Author E.C. Murray from Fox Island, Washington, works primarily as a writer but additionally is a creative writing instructor at Seattle Central College. She started keeping a journal at fourteen and wrote her first play at eight. She began taking her writing seriously in 2007 after her first writing class. E.C.’s first book was a “tiny book,” a book of aphorisms and ideas for a “bad hair day”, titled “Life Kind of Sucks,“ based on what she learned earning her Masters in Social Work. Her first book length memoir, “A Long Way From Paris,” was published in December of 2014, the story of her personal transformation, living off the grid in the mountains of the south of France, herding forty-two goats, twelve sheep, and a cow. It was named a Kirkus Book of the year and received Honorable Mention from New Millennium Writing. Her short story “An Urban Goatherd” received a Pushcart nomination – written under the name of Elizabeth Corcoran Murray. E.C. belongs to the Pacific Northwest Writers Association, Hugo House, Sisters in Crime, and the Greater Gig Harbor Literary Society. When E.C. isn’t writing, she loves to read, bike, ski, garden, and to travel a great deal.
Which genres do you cover?
E.C. Murray: Memoir, mystery, self-help.
Which is the latest book you had published, and what is about?
E.C. Murray: “An Unfamiliar Guest” is a suspenseful mystery with a surprise ending set in Gig Harbor about two women who know a young man is a troublemaker, but they’re convinced he didn’t shoot anyone.
At which book events can readers find you?
E.C. Murray: Note that my book launch for “An Unfamiliar Guest” was in January 2020, and from that time until fall of 2022, I did virtually no events because of COVID precautions. In the past I participated in Gig Harbor High’s Tidefest, Lakewood’s Film, Art, and Book Festival, Fox Island Fair, and Indianola Fair. Mostly, though, I’ve presented at book clubs (in person and Zoom), civic clubs like the Elks and Rotary, BBQ2U, and many, many bookstores. I like events where I can answer questions and talk to people about books and reading. Upcoming events are in the week of November 20 at BBQ2U in Gig Harbor (not Thanksgiving); and at Winterfest at Peninsula High School in Gig Harbor, November 25 and 26.
Which book event connecting you with readers is your favorite and why?
E.C. Murray: At the FAB in Lakewood it was fun not only conversing with readers but also getting to know authors Connie Connolly, Wendy Kendall, and Tracy Cram Perkins, who are so knowledgeable. A total delight.
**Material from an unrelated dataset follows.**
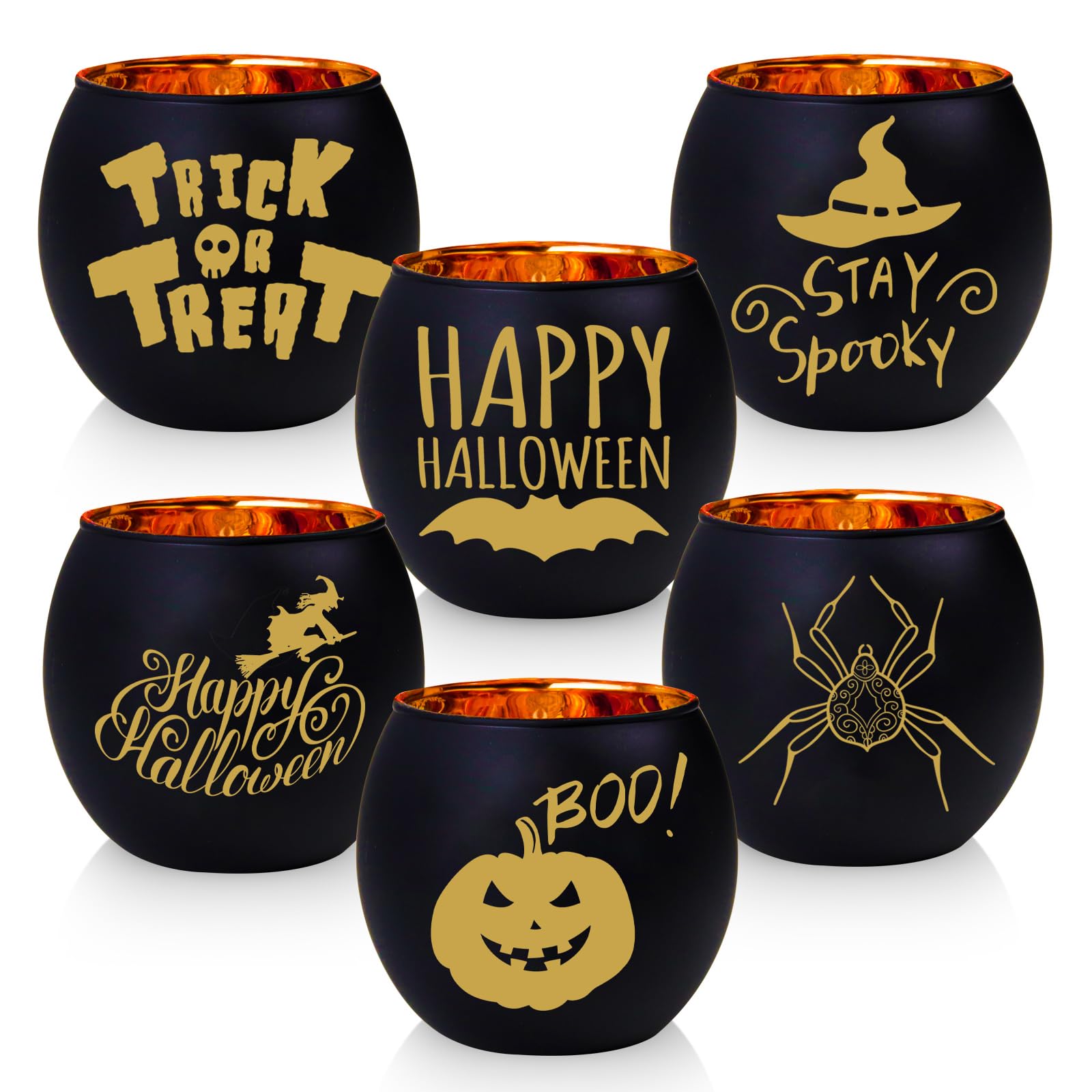 - Cute Halloween Decor: Each Halloween votive candle holder features a black frosted exterior that beautifully contrasts with a radiant gold interior. These votive candle holders are crafted using precise laser engraving techniques that add pumpkin, spider, trick or treat and other Halloween characters to each piece. The Halloween designs cast enchanting shadows, making them a perfect addition to your Halloween decorations

I love to connect with authors through www.writersconnection.org, my website and newsletter which has dozens and dozens of resources for aspiring writers.
Do(es) your book(s) have any specific messages to your readers and, if so, which are they?
E.C. Murray: The message throughout all my books is about learning to believe in yourself, shedding negative self-thought, and moving forward through adversity with a sense of humor.
Which writer(s) keep(s) inspiring you and why?
E.C. Murray: I love the humor in Liane Moriarty laced with meaningful topics such as spousal abuse, miscarriage, taking people for granted, and so forth. I love Tana French’s literary suspense books because they dig so deeply into human’s motivation. I like JA Jance books because they also thread mystery with a more important message but aren’t at all gory. As she says, “wonderful books to read sitting next to someone in a hospital.”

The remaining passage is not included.